En algunas ocasiones encontramos mujeres que gastan rodetes asomando bajo la montera, pero lo más habitual es encontrar una larga trenza de numerosos cabos –ancha– que nace bajo el tocado adornada por colonias de seda más o menos largas y se remata en su extremo con un gran lazo de colores. Podemos observar en la fotografía este segundo lazo asomando detrás del manteo y la manga derecha del jubón de niña. A un lado de la cabeza, en el perfil que muestra a la cámara, vemos una de esas «trencitas» que parten de las dos mitades delanteras en las que se dividía el pelo –dejando la mitad trasera de la cabeza para la trenza grande y utilizando las partes restantes para hacer los rodetes, trenzas o torsiones que ajustaban el moño trasero–. Distinguimos este peinado en dos retratos conservados por el Marqués de la Floresta (Segovia). En el primero, el plano lateral nos permite obtener una visión distinta del peinado, que resulta admirable en el segundo, donde doña Luisa de Contreras y Thomé, sobrina del VI Marqués de Lozoya, aparece ricamente ataviada y con unas vistosas y perfectas trenzas como las descritas (ver Imágenes 24 y 25).

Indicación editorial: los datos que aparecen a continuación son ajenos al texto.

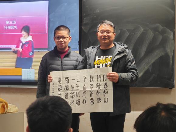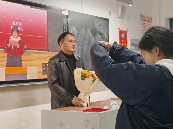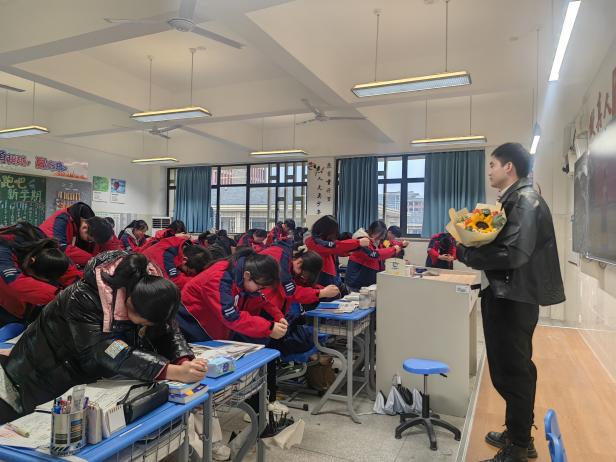 紧接着,激动人心的时刻到来。学生代表手捧鲜花,满怀感激之情走到班主任面前,向班主任们一一赠送鲜花。一束束鲜花,传递着学生们对班主任深深的敬意和爱戴,也凝聚着师生之间的深厚情谊。随后,全体学生整齐列队,在主持人的引导下,共同行拜师礼。这一刻,学生们用最传统的方式,向班主任们表达了自己的敬意和感激之情。拜师礼的举行,不仅加深了师生之间的情感联系,也进一步弘扬了尊师重教的优良传统。

Entre otras tantas imágenes, también las encontramos en grabados como el del ya mencionado baile de Nieva (1871) –en el que puede apreciarse este peinado en varias mozas– o «Traje de la molinera de Mozoncillo: lugar a nueve leguas de Segovia» conservado en el Museo del Romanticismo de Madrid y realizado en torno a 1840 por Avrial y Flores. En este último queda perfectamente representada una mujer del referido pueblo –a escasos siete kilómetros de Carbonero– en una vista delantera y trasera que muestra a la perfección las características del mismo (ver Imagen 26). Carlos Porro indica en uno de los capítulos del libro Indumentaria de Segovia que de entre todos los trabajos de este autor merece especial mención el que nos ocupa, del que hace una pequeña descripción mencionando el peinado y uso de la toca:

El dibujo mimado de cada detalle se inicia con una imaginativa descripción del cabello, colocado en dos trenzas que se disponen a la espalda formando una central muy propia para el uso de montera y las collaradas. Aparece además lo que parece ser una toca fina suelta en este caso y no colocada bajo la montera, prenda según la tradición segoviana propia de las casadas y cuajada de bordaduras y tal vez aplicaciones de lentejuelas o chapistería colorista, hoy perdida casi por completo en su conocimiento actual. (Porro, 2018a, p.160)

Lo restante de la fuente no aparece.